Dive into the archives.
- #9246
Copy Editor: “If I had feelings, they’d be hurt right now.”
- #9245
Sub-Editor to Graphic Designer, who’s been hunched over his iPhone for a good half an hour: “Are you playing Draw Something?”
- #9243
Web editor, after standing up to answer the phone: “Wow, I haven’t stood up in awhile. It must feel like taking a vitamin, or seeing the sun or something.”
- #9242
Photographer: “Just got an email wondering if I would photograph guests at an event in exchange for hanging out with a live baby cheetah.” Web reporter: “This is an obvious yes.”
- #9240
Copy Editor: “Is it weird o’clock already?”
- #9239
Copy editor on returning to a rural newspaper from a week-long vacation: “I totally missed hearing ‘cows’ on the scanner.”
- #9237
Editor: “Did you write this story about firefighters rescuing a cat in a tree.” Reporter: “Yes. I thought it was interesting.” Editor: “It’s not. I don’t want to see this again.”
- #9236
Editor: “They are wearing the same cologne. I think it’s ‘Khloe’ by the Kardashians.” Reporter: “Is that why they smell like sweat and Cheetos?”
- #9235
Associate Editor: “There is going to be a ribbon cutting. Aren’t you excited? That means they are going to get out the big scissors.”
- #9234
Producer 1 to producer 2 talking with reporter on a short package: “Don’t put a time on something that sucks.”
- #9231
Editor: “We had a reporter who would pitch stories, but never wanted to write them.” Reporter: “That sounds like an editor.”
- #9229
Reporter: “This place is so glum. It’s like the whole office is the obit desk. We’re writing about the death of the newspaper industry.”
- #9227
Editor trying to come up with headline dealing with a dog: “Did the dog give them ‘paws?’” Editor 2: “ … We need to stop talking about this … we’re losing brain cells as we speak.”
- #9226
“Is it ‘Brangelina is’ or ‘Brangelina are?’”
- #9225
Editor: “Our phones in the newsroom seem to have gone down.” IT support: “Can you get by for the night without them?” Editor: “Well, we are trying to put out a newspaper.
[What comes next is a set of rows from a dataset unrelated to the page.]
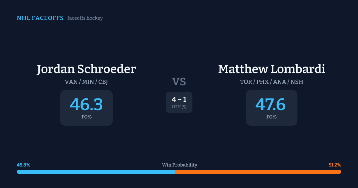 Jordan Schroeder vs Matthew Lombardi — Faceoff Head-to-Head
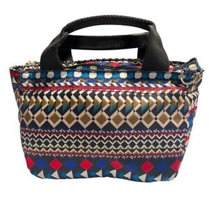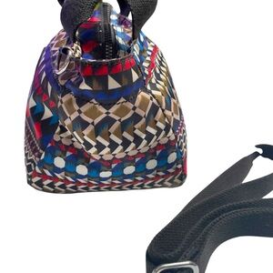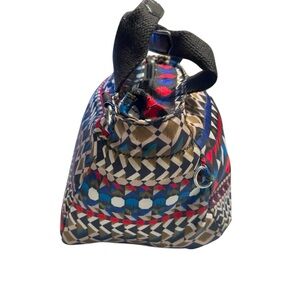 Kipling Jeremiah Tote Shoulder Bag Multicolor Aztec Geometric Print Zip Closure
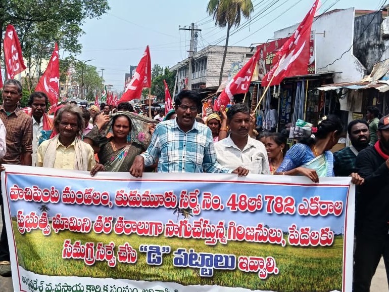 PPM: జిల్లాలో గిరిజనులు సాగు చేస్తున్న భూములకు పట్టాలు ఇవ్వాలని సీపీఎం జిల్లా కార్యదర్శి అన్యాక్రాంతం, గంగునాయుడు డిమాండ్ చేశారు. ఈ మేరకు సోమవారం ఆర్టీసీ కాంప్లెక్స్ నుంచి కలక్టర్ ఆఫీస్ వరకు ర్యాలీ నిర్వహించి కలెక్టరేట్ ముందు ధర్నా చేశారు. అనంతరం ఆయన మాట్లాడుతూ.. జిల్లాలో తరతరాలుగా సాగు చేస్తున్న గిరిజనులకు పేదలకు పట్టాలు ఇవ్వడం లేదన్నారు.
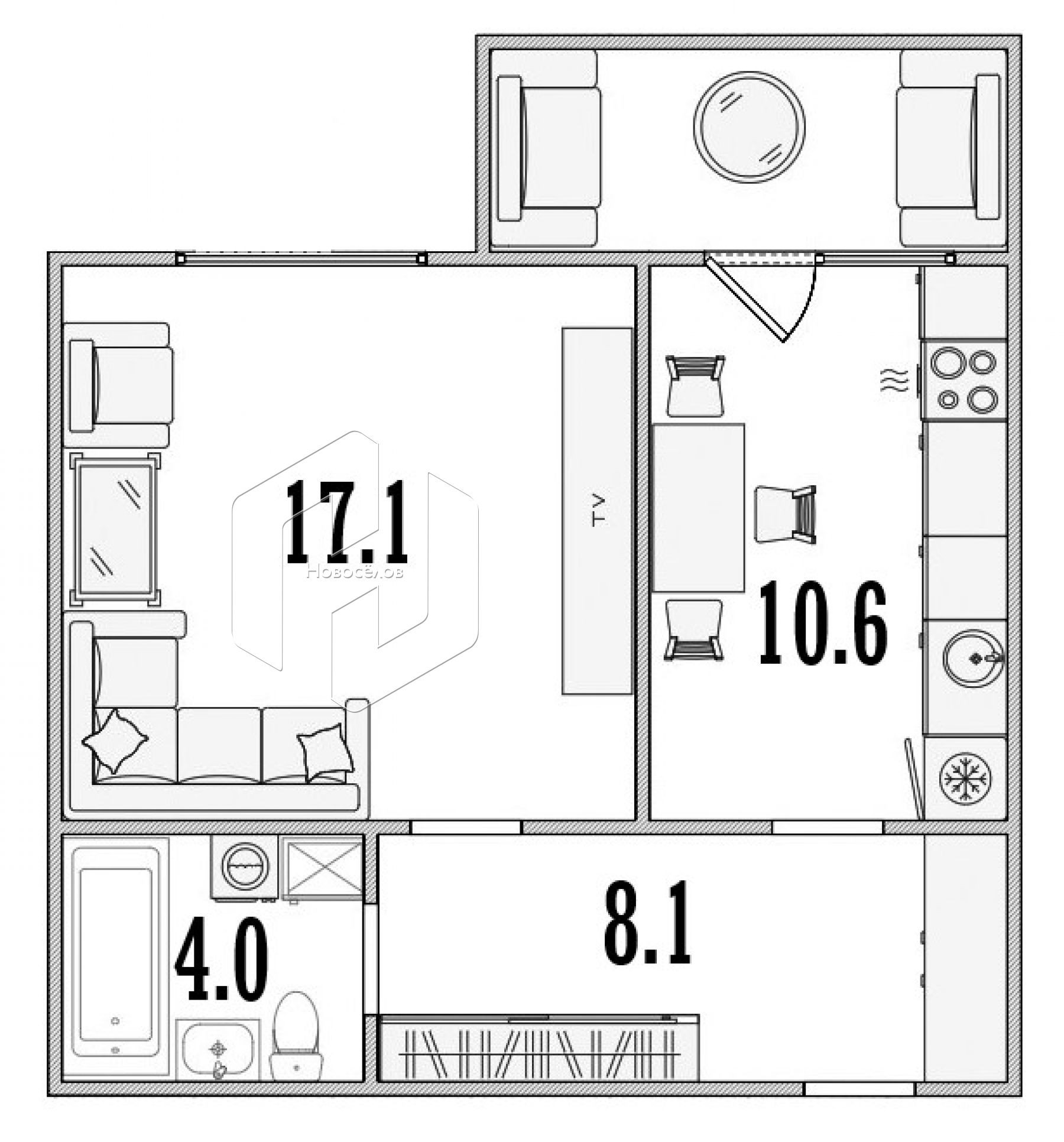 Жилая площадь 17.1 м2
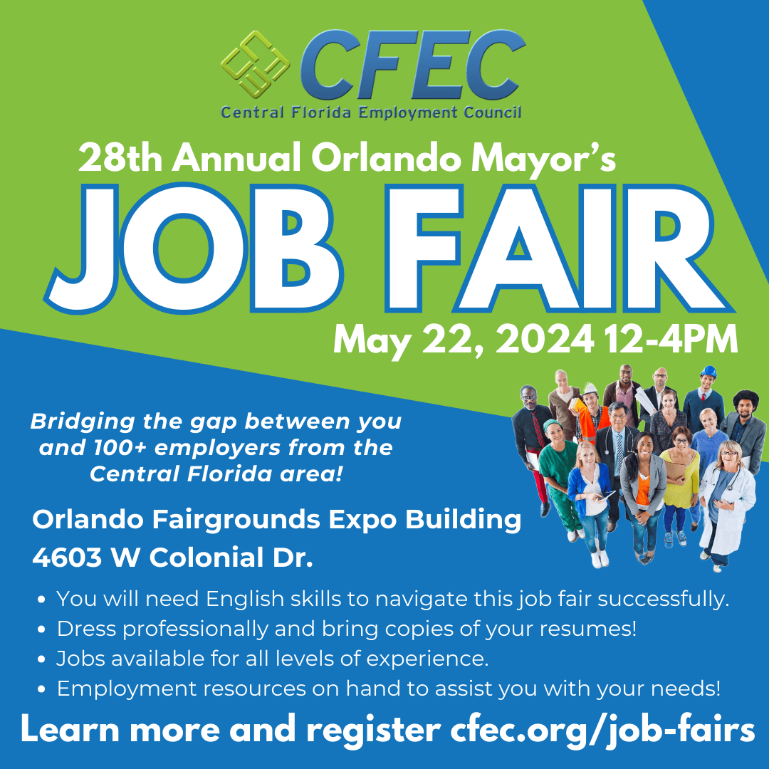 All Job Seekers Welcome! Meet, network and interview with nearly 100 companies from around the Central Florida region waiting to hire you! Find your next employer at the Central Florida Employment Council | CFEC Job Fair in Orlando, Florida, from 12-4 pm at the Orlando Fairgrounds Expo Building, 4603 W. Colonial Drive, Orlando, FL 32808. This is an indoor event – rain or shine. Thousands of career openings in various industries as well as employment resources on hand to assist your job search. Dress interview ready; bring plenty of resumes, free admission/parking, and no children, please. Register as a job seeker today www.cfec.org.
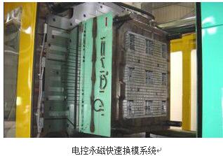 電控永磁快速換模系統(tǒng)主要是針對傳統(tǒng)注塑機、沖床、合模機裝夾模具時間長,操作復雜,安全性低而設計的,該系統(tǒng)采用電控永磁模板及動模板,只需經(jīng)過簡單的充退磁動作,就能裝夾和更換模具,真正做到3分鐘換模,它既可以安裝到新機中,作為標準配置銷售給終客戶,也可以對正在使用機臺進行改造,使傳統(tǒng)機臺具有3分鐘快速換模功能而不會改變原來機臺的結構,即實用又方便。那么
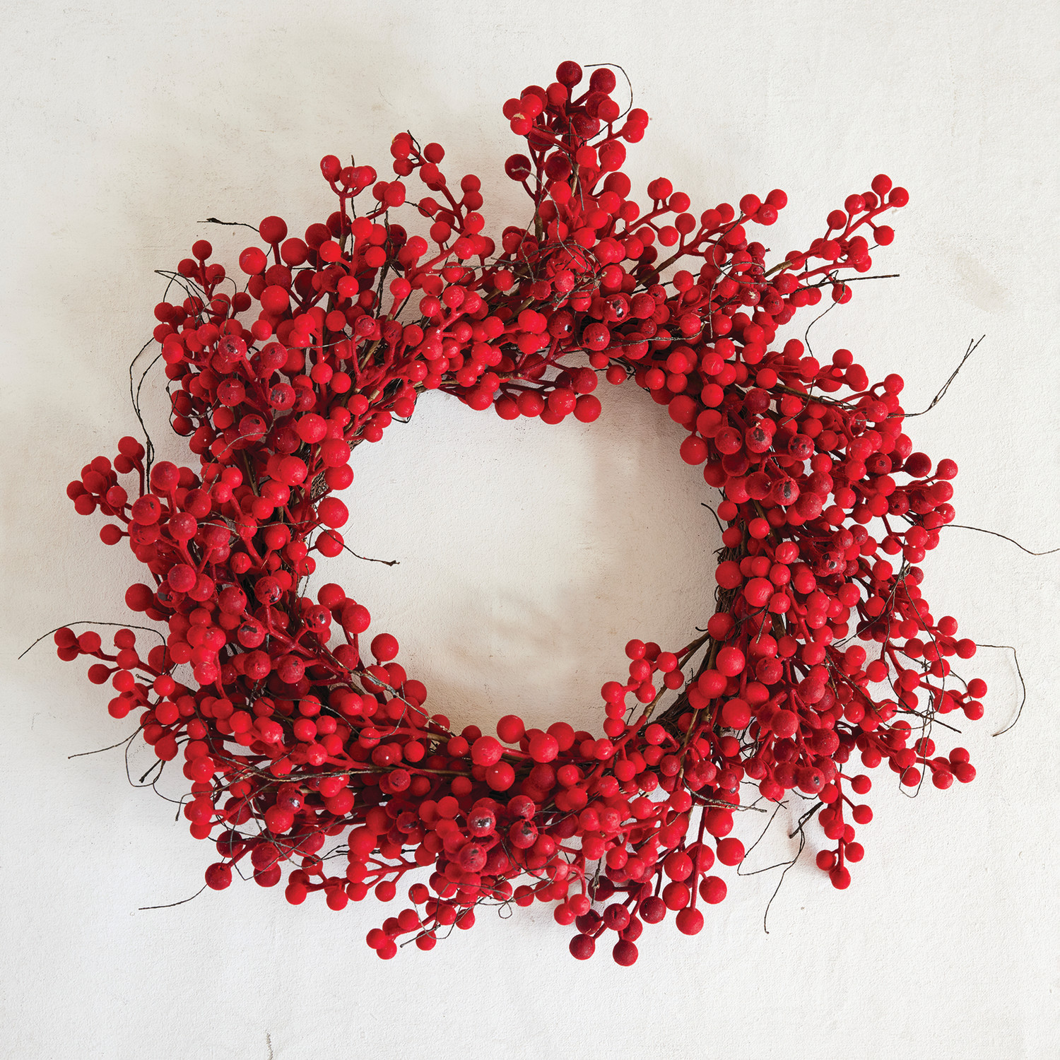 20" Round Faux Flocked Red Berry Wreath
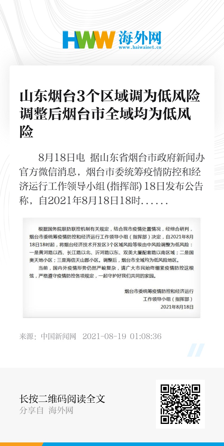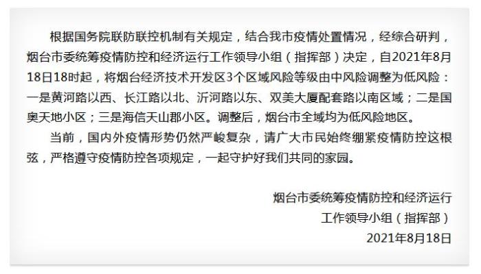 中新网8月18日电 据山东省烟台市政府新闻办官方微信消息,烟台市委统筹疫情防控和经济运行工作领导小组(指挥部)18日发布公告称,自2021年8月18日18时起,将烟台经济技术开发区3个区域风险等级由中风险调整为低风险:一是黄河路以西、长江路以北、沂河路以东、双美大厦配套路以南区域;二是国奥天地小区;三是海信天山郡小区。调整后,烟台市全域均为低风险地区。
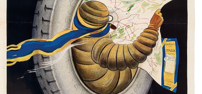Ad aggiudicarselo, dopo un’accesa competizione con partecipanti online e palette in Sala Bolaffi, un famoso collezionista italiano appassionato di automobili d’epoca e di cimeli automobilistici, collegato al telefono. Resta quindi in Italia il celebre Bibendum, mascotte di Michelin, rappresentato nel poster adagiato comodamente all’interno di uno pneumatico mentre studia la cartina stradale del nostro Paese (lotto 46).
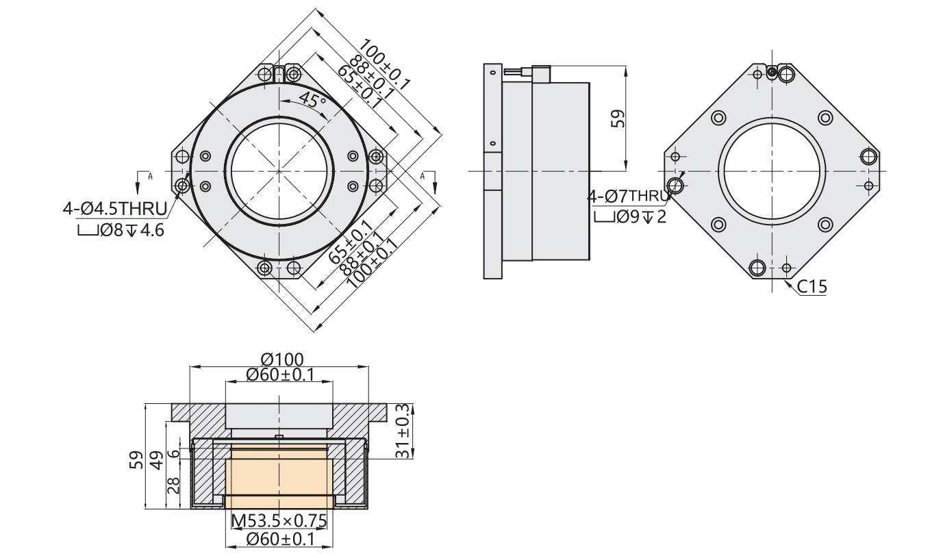 The P76F is a Z-direction piezo objective scanner with a maximum displacement of 90μm and a load capacity up to 900g, making it suitable for high load applications such as laser invisible cutting of wafer. The objective lens connector has various adapters thread to choose, and is customizable according to customer needs. It can be fixed through two different aperture through holes. It adopts flexible hinge mechanism, with no friction, good linearity and high positioning accuracy.
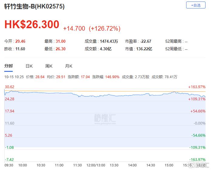 由四环医药分拆的轩竹生物今日首日上市,大涨126.72%,报26.3港元。
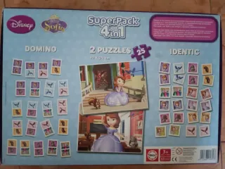 Pack de juegos de mesa de Disney Sofia. - Incluye 4 juegos: Dominó, Identic y 2 Puzzles. - Puzzles de 25 piezas. - Edad recomendada: 3+ años.
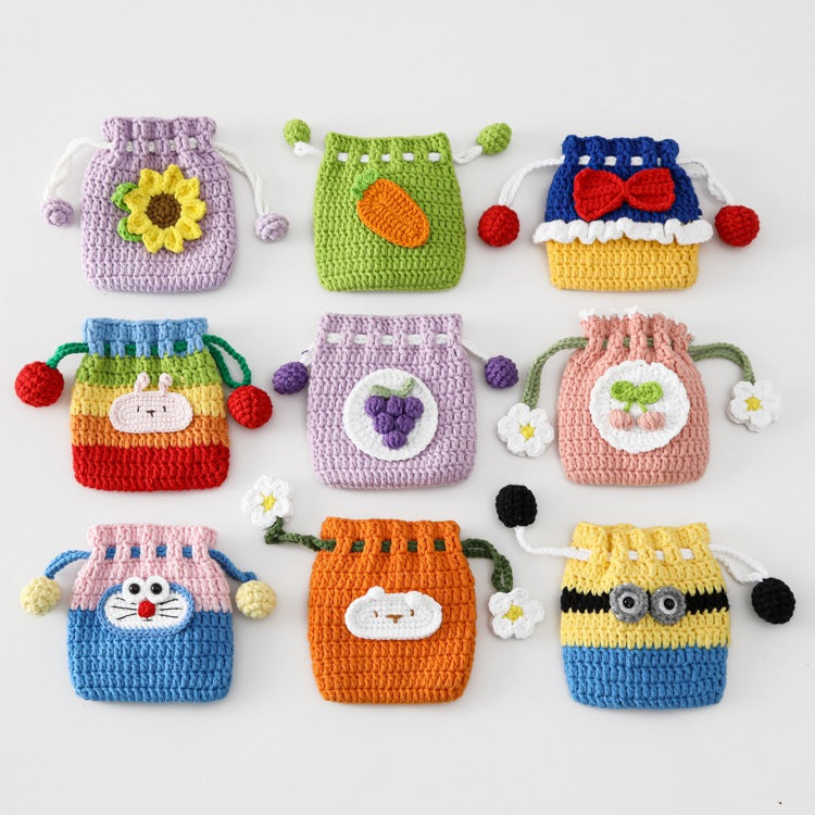[SG Stock] Cute and Funny Handmade Crochet Drawstring Pouch Coin Purse Earphone Bag Jewelry Key Bag Mini Gift Bag

So probably not.”
- #9224
Reporter: “Have you ever seen Ice Road Truckers? [Silence from the newsroom.] This is what happens when the remote in the gym is lost.”
- #9222
Photo Chief: “You would think in a newsroom we’d have something more interesting to talk about than cake in the break room.” Reporter: “Uh, have you ever been in a newsroom?”
- #9221
Reporter: “Newt Gingrich suspended his campaign.” Page Designer: “This is bullshit! How am I supposed to live on the moon now?!”
- #9220
Copy editor, reading a story about John Edwards: “Couldn’t we have put the words ‘crazy slut’ in the headline?”
- #9219
Editor: “We have 78 inches of obits in tomorrow’s paper. I don’t think we’re going to have any subscribers left.”